Magnesium Glycinate — The Deficiency Most People Don’t Know They Have
An estimated 50% of people in Western countries don’t get enough magnesium. It’s involved in over 300 enzymatic reactions, supports sleep quality, muscle function, and stress response. Magnesium glycinate is the best-tolerated form. A quality supplement costs around $20–30 for three months' supply.
Omega-3 Fish Oil — For Those Not Eating Oily Fish Twice a Week
Omega-3 fatty acids (EPA and DHA) have strong evidence for cardiovascular health, inflammation reduction, and cognitive function. If you’re not eating salmon, mackerel, or sardines twice a week, a quality fish oil supplement is worth taking. Look for a product with at least 1,000mg combined EPA+DHA per serving.
Creatine Monohydrate — If You Train
Creatine is the most researched performance supplement in existence. 3–5g per day improves strength, power output, and muscle recovery. It’s also showing promising evidence for cognitive function and healthy ageing. A month's supply costs around $8–15.
A Basic Multivitamin — As Insurance, Not a Foundation
If you want the “insurance” that AG1 promises, a basic multivitamin from a reputable brand (Thorne, Solgar, or Vitabiotics) provides a similar nutritional safety net at a fraction of the cost. It won’t have the probiotics or adaptogens, but for most people, those aren’t the reason they’re buying AG1 anyway.
The Cost Comparison
| Supplement | Monthly Cost | Key Benefit |
|---|---|---|
| AG1 | ~$99/month | All-in-one convenience |
| Vitamin D3 + K2 | ~$1.50/month | Addresses most common deficiency |
| Magnesium Glycinate | ~$7/month | Sleep, stress, muscle function |
| Omega-3 (high strength) | ~$8/month | Cardiovascular, cognitive health |
| Creatine Monohydrate | ~$10/month | Performance, muscle, cognition |
| Basic Multivitamin | ~$7/month | Broad nutritional insurance |
| Full targeted stack | ~$33/month | More targeted than AG1 |
For roughly 30% of the price of AG1, you can build a targeted supplement stack with fully disclosed dosages, strong independent evidence, and no proprietary blends.
The Bottom Line
AG1 is a well-made product. It’s third-party tested, the company takes quality seriously, and many people genuinely feel better taking it. The controversy around it — the influencer marketing, the proprietary blends, the heavy metals question — doesn’t make it a scam.

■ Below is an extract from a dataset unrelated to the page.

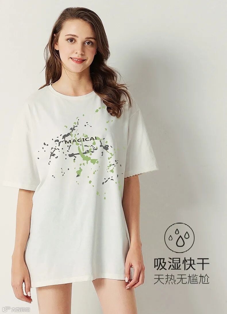 而且还不会像普通T恤,一出汗就湿哒哒的贴在身上,它触身就有凉感,夏天穿特别清爽舒适~

But at $99 per month, it's an expensive way to get nutritional insurance, particularly when the dosages of most ingredients are hidden and the evidence base for the complete formula is thin. For most people, a targeted stack of individually evidenced supplements — vitamin D, magnesium, omega-3, and creatine if you train — will deliver more measurable benefit at a fraction of the cost.
If you love AG1 and it fits your budget, there’s no compelling reason to stop. But if you’re considering starting, the evidence suggests your money goes further elsewhere.
This article is for informational purposes only and does not constitute medical advice. Always consult a healthcare professional before starting any new supplement.